RE: [PATCH V4 05/18] iommu/ioasid: Redefine IOASID set and allocation APIs

From: Tian, Kevin
Date: Fri Apr 23 2021 - 05:06:58 EST


> From: Jason Gunthorpe <jgg@xxxxxxxxxx>
> Sent: Thursday, April 22, 2021 8:10 PM
>
> On Thu, Apr 22, 2021 at 08:34:32AM +0000, Tian, Kevin wrote:
>
> > Another tricky thing is that a container may be linked to multiple iommu
> > domains in VFIO, as devices in the container may locate behind different
> > IOMMUs with inconsistent capability (commit 1ef3e2bc).
>
> Frankly this sounds over complicated. I would think /dev/ioasid should
> select the IOMMU when the first device is joined, and all future joins
> must be compatible with the original IOMMU - ie there is only one set
> of IOMMU capabilities in a /dev/ioasid.

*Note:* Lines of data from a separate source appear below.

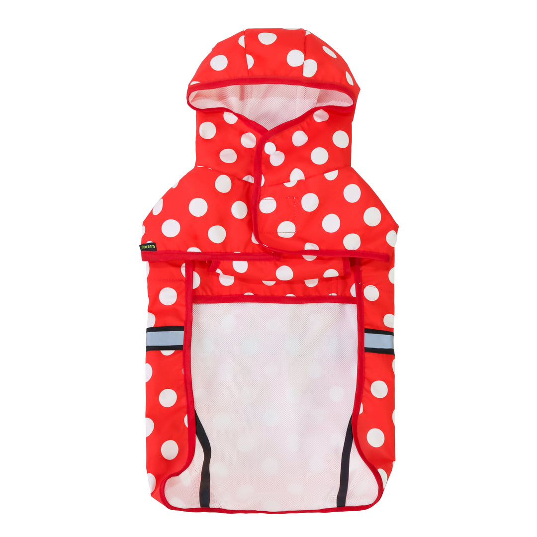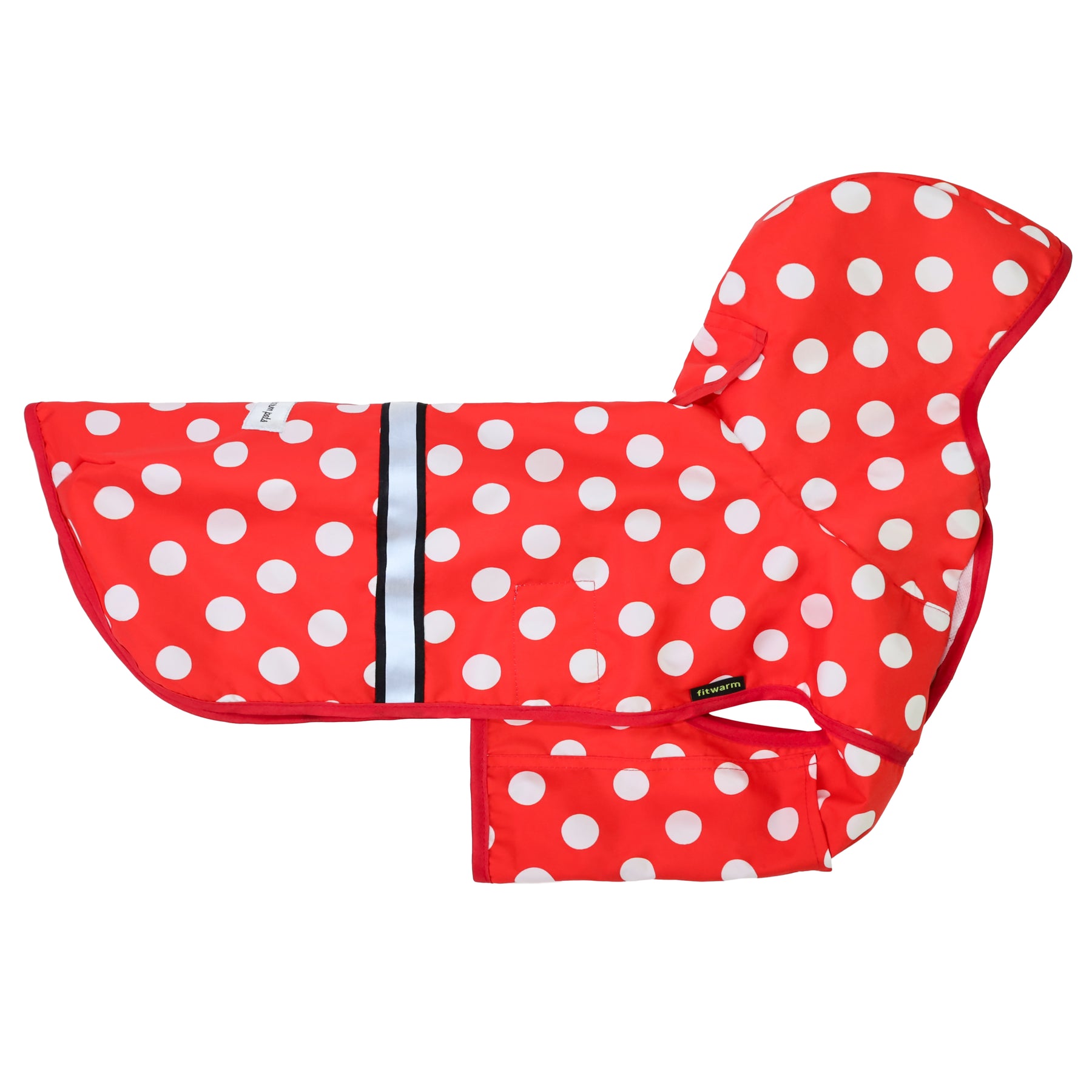 Red polka dot dog raincoat by Fitwarm with reflective strip, for small dogs.
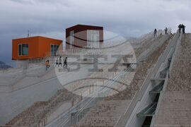 Тирана (25 февруари 2024) Ежедневие в центъра на столицата на Албания, Тирана. На снимката: Хора се изкачват по стълбите на Пирамидата.
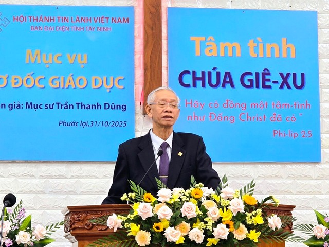 HTTLVN.ORG – Lúc 8g30 ngày 31/10/2025, Ủy Ban Cơ Đốc Giáo Dục Tổng Liên Hội (UB CĐGD TLH) kết hợp với Ban Đại diện Tin Lành tỉnh Tây Ninh tổ chức bồi dưỡng Mục vụ Cơ Đốc Giáo dục tại nhà thờ Tin Lành Phước Lợi. Diễn giả là Mục sư Trần Thanh Dũng, Thành viên UB CĐGD TLH. Có hơn 120 người tham dự, gồm một số Giáo phẩm và các Giáo viên Trường Chúa nhật đến từ các Hội Thánh trong tỉnh.
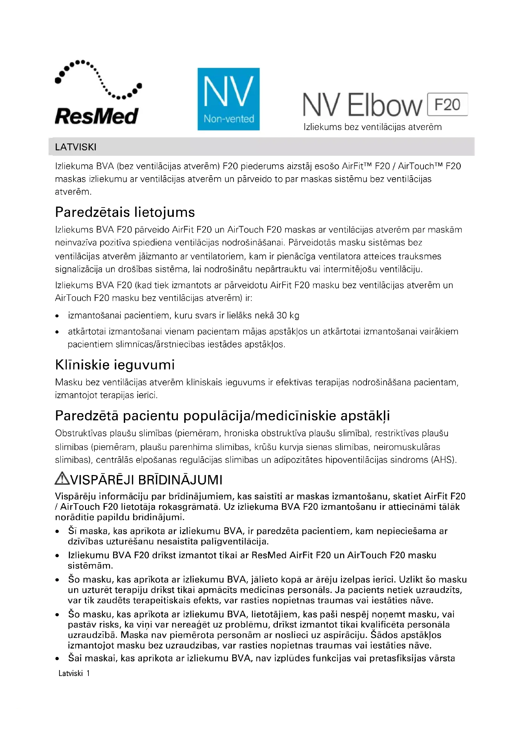 - Izliekumu BVA F20 drīkst izmantot tikai ar ResMed AirFit F20 un AirTouch F20 masku sistēmām.
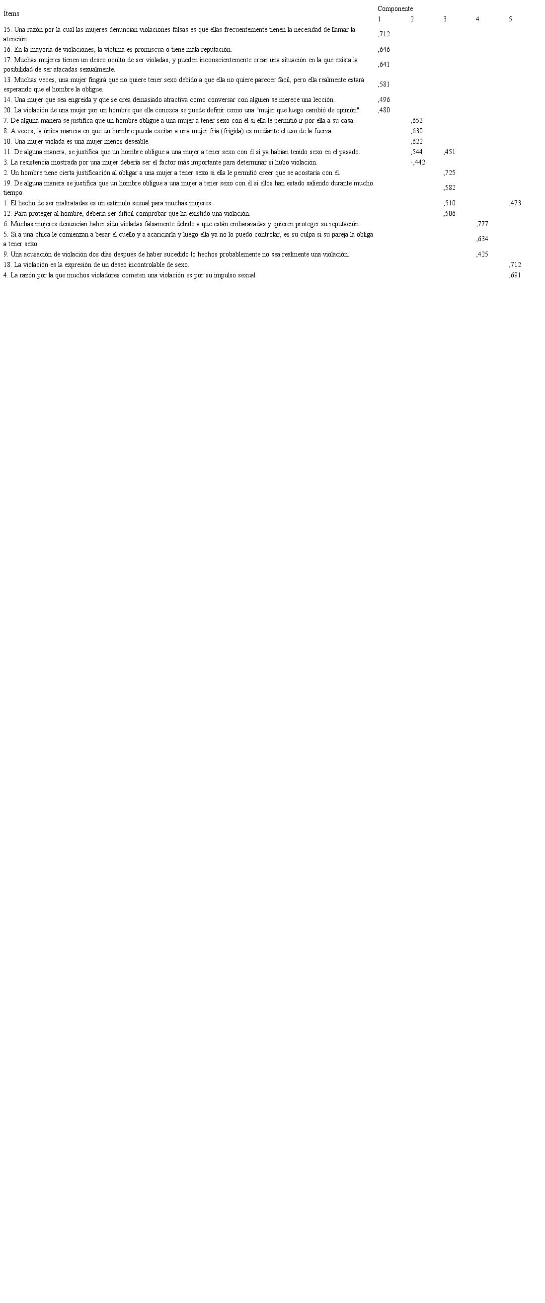 Abstract: The present study was developed in order to determine the psychometric properties of favorable attitudes scale towards rape (RSAS). The sample was made up of 354 students from 18 to 30 years old, from a private university in the city of Chimbote, Peru. The results, at a general level, indicate that the scale structure presents five factors in the studied population, reaching internal consistency coefficients higher than 0.80 value. Regarding validity, three items deserve to be reviewed in subsequent studies. In conclusion, it is stated that the RSAS scale at a general level presents an adequate psychometric quality.
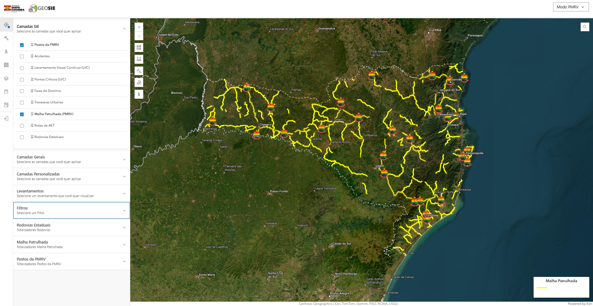 - A camada “Malha Patrulhada (PMRV)” é acionada;
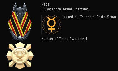 To be clear, Aiko Danuja is the prophesized alltime Hulkageddon Grand Champion. If you’ve ever played EvE Online, then you know how venerated a title this is, as it makes Aiko by definition the greatest capsuleer in galactic history. Congratulations, Aiko!
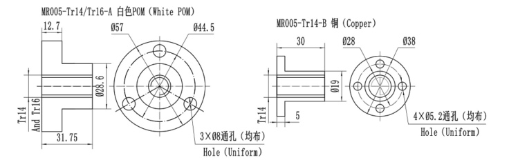 1、丝杆长度可以定制,建议最大长度300(螺母有白色POM材料和铜材料可选)
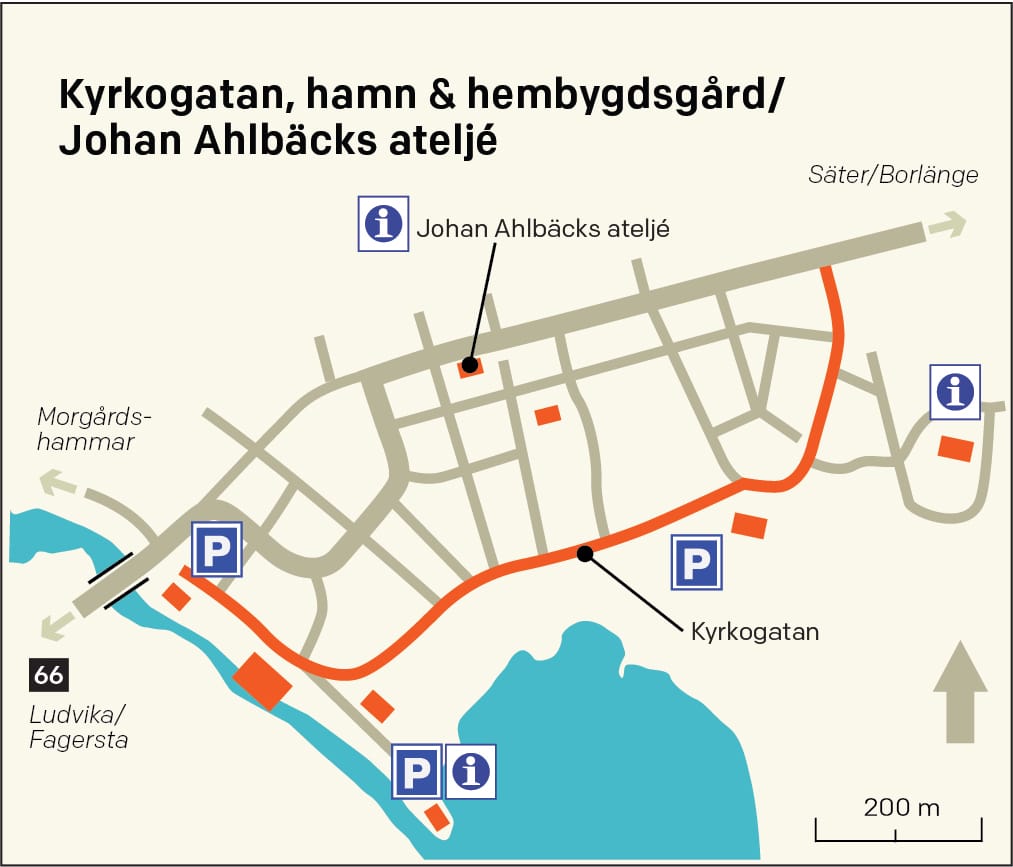 Följ Kyrkogatan via konstmuseet Arkivhuset och kyrkan till Norrbärke hembygdsgård och utforska området och resten av bergsmansbebyggelsen. Eller följ gatan mot valsverket och se de gamla industribyggnaderna och Meken, valsverkets före detta mekaniska verkstad.
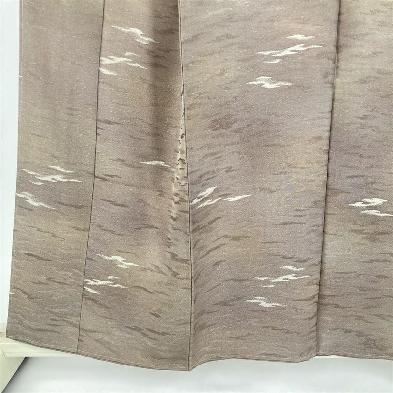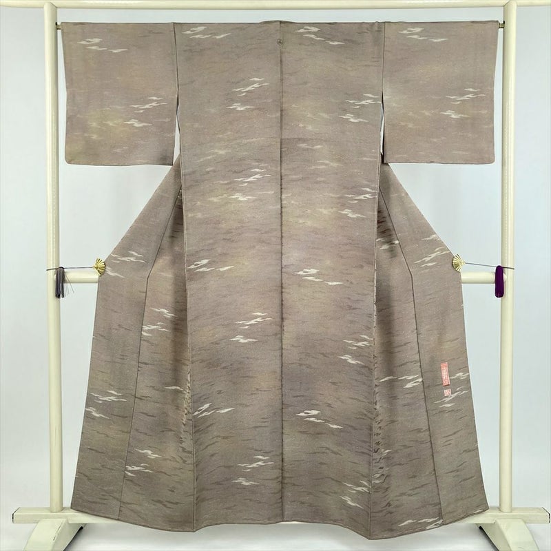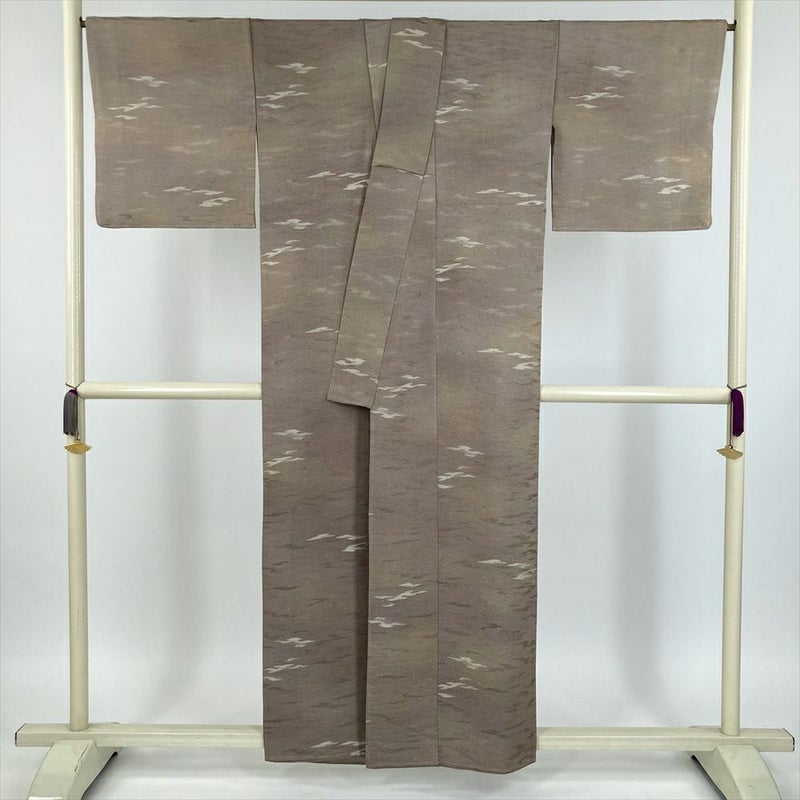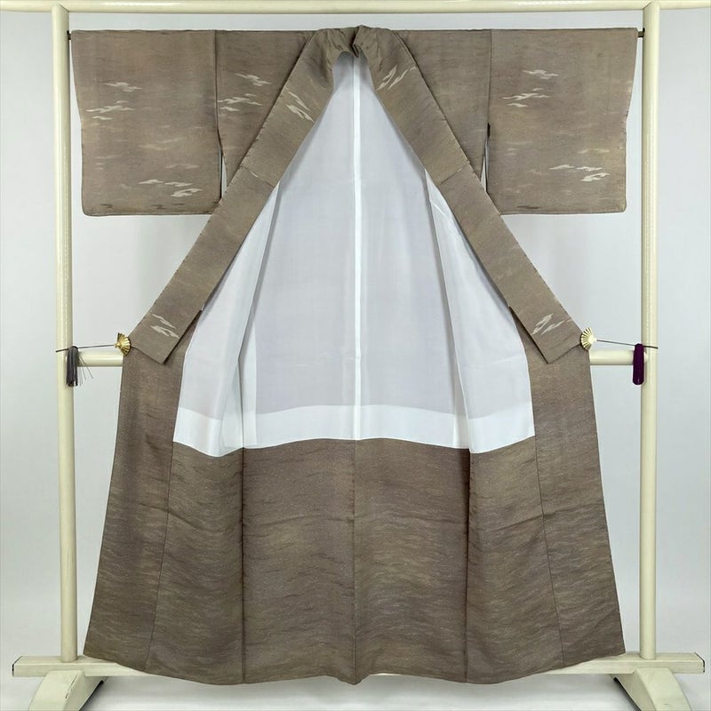 (中古) 小紋 カーキ 茶 カジュアル セミフォーマル 小島利造 地紋織り 染め 霞 袷 絹【身丈】151cm【裄丈】67cm
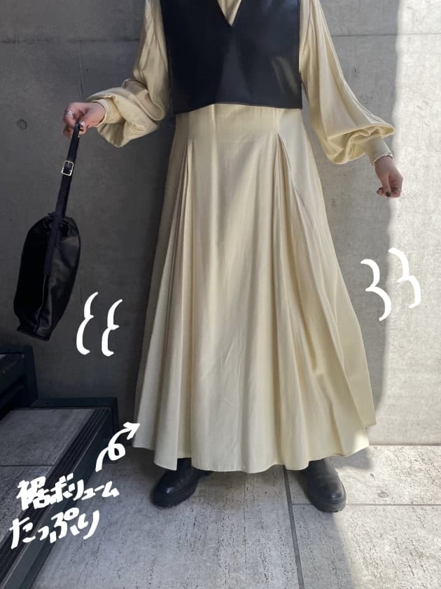 なんとも言えないボリュームのスカートは、歩くたびひらひらします♪女子力up!!
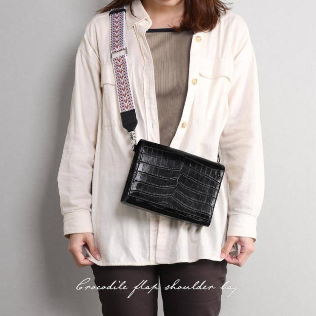| 商品名:ナイルクロコダイル かぶせショルダーバッグ マット加工 (06001969r) |
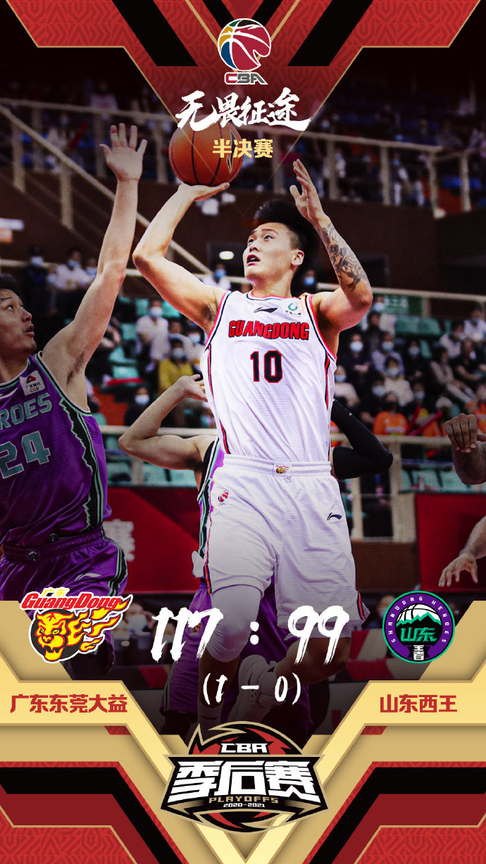 来源:24直播网04-20 23:23 24直播网讯:北京时间4月20日晚,2020-21赛季CBA展开半决赛首场角逐。卫冕冠军广东东莞大益男篮次节最多时领先38分,最终经过四节较量以117-99轻取山东西王男篮。这样,广东队总比分1-0领先。
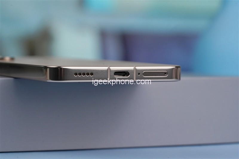 The bottom of the phone has a speaker opening, the Type-C and earphone two-in-one interface is located in the bottom center, and the right side is the primary microphone and SIM card slot.
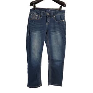 Seven7 Thick Stitch Mid Rise Dark Stone Wash Capris Womens Size 4 Cropped Blue
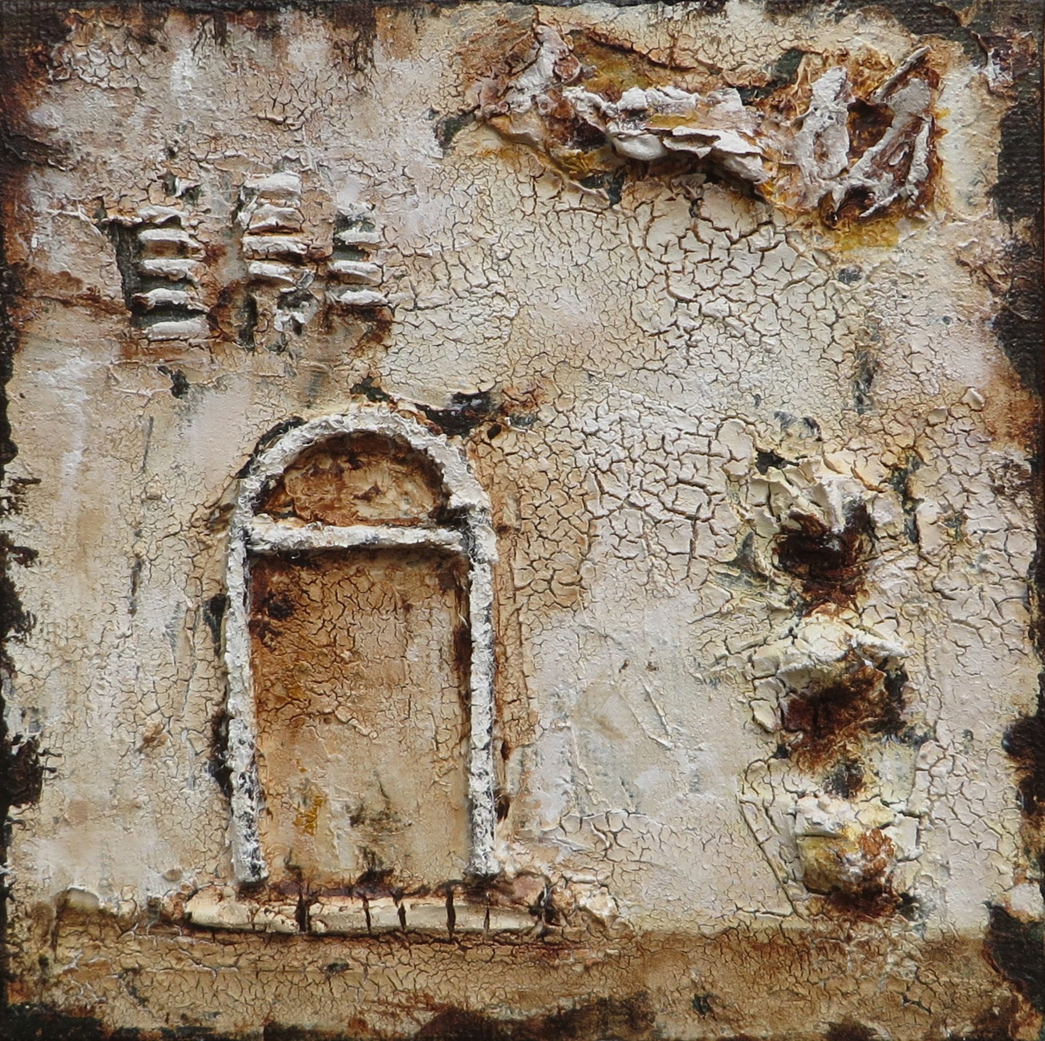 Mixed Media Acrylverf Poortje Muur Naturel Vervallen Barsten

Or could we still have just one /dev/ioasid but allow userspace to create
multiple gpa_ioasid_id's each associated to a different iommu domain?
Then the compatibility check will be done at ATTACH_IOASID instead of
JOIN_IOASID_FD.

This does impose one burden to userspace though, to understand the
IOMMU compatibilities and figure out which incompatible features may
affect the page table management (while such knowledge is IOMMU
vendor specific) and then explicitly manage multiple /dev/ioasid's or
multiple gpa_ioasid_id's.

Alternatively is it a good design by having the kernel return error at
attach/join time to indicate that incompatibility is detected then the
userspace should open a new /dev/ioasid or creates a new gpa_ioasid_id
for the failing device upon such failure, w/o constructing its own
compatibility knowledge?

>
> This means qemue might have multiple /dev/ioasid's if the system has
> multiple incompatible IOMMUs (is this actually a thing?) The platform

One example is Intel platform with igd. Typically there is one IOMMU
dedicated for igd and the other IOMMU serving all the remaining devices.
The igd IOMMU may not support IOMMU_CACHE while the other one
does.

> should design its IOMMU domains to minimize the number of
> /dev/ioasid's required.
>
> Is there a reason we need to share IOASID'd between completely
> divergance IOMMU implementations? I don't expect the HW should be able
> to physically share page tables??

yes, e.g. in vSVA both devices (behind divergence IOMMUs) are bound
to a single guest process which has an unique PASID and 1st-level page
table. Earlier incompatibility example is only for 2nd-level.

>
> That decision point alone might be the thing that just says we can't
> ever have /dev/vfio/vfio == /dev/ioasid

yes, unless we adopt the vfio scheme, i.e. implicitly managing incompatible
iommu domains in /dev/ioasid.

>
> > Just to confirm. Above flow is for current map/unmap flavor as what
> > VFIO/vDPA do today. Later when nested translation is supported,
> > there is no need to detach gpa_ioasid_fd. Instead, a new cmd will
> > be introduced to nest rid_ioasid_fd on top of gpa_ioasid_fd:
>
> Sure.. The tricky bit will be to define both of the common nested
> operating modes.
>
> nested_ioasid = ioctl(ioasid_fd, CREATE_NESTED_IOASID, gpa_ioasid_id);
> ioctl(ioasid_fd, SET_NESTED_IOASID_PAGE_TABLES, nested_ioasid, ..)
>
> // IOMMU will match on the device RID, no PASID:
> ioctl(vfio_device, ATTACH_IOASID, nested_ioasid);
>
> // IOMMU will match on the device RID and PASID:
> ioctl(vfio_device, ATTACH_IOASID_PASID, pasid, nested_ioasid);

I'm a bit confused here why we have both pasid and ioasid notations together.
Why not use nested_ioasid as pasid directly (i.e. every pasid in nested mode
is created by CREATE_NESTED_IOASID)?

Below I list different scenarios for ATTACH_IOASID in my view. Here
vfio_device could be a real PCI function (RID), or a subfunction device
(RID+def_ioasid). The vfio_device could be attached to a gpa_ioasid
(RID in guest view, no nesting), a nested_ioasid (RID in guest view, nesting)
or a nested_ioasid (RID+PASID in guest view, nesting).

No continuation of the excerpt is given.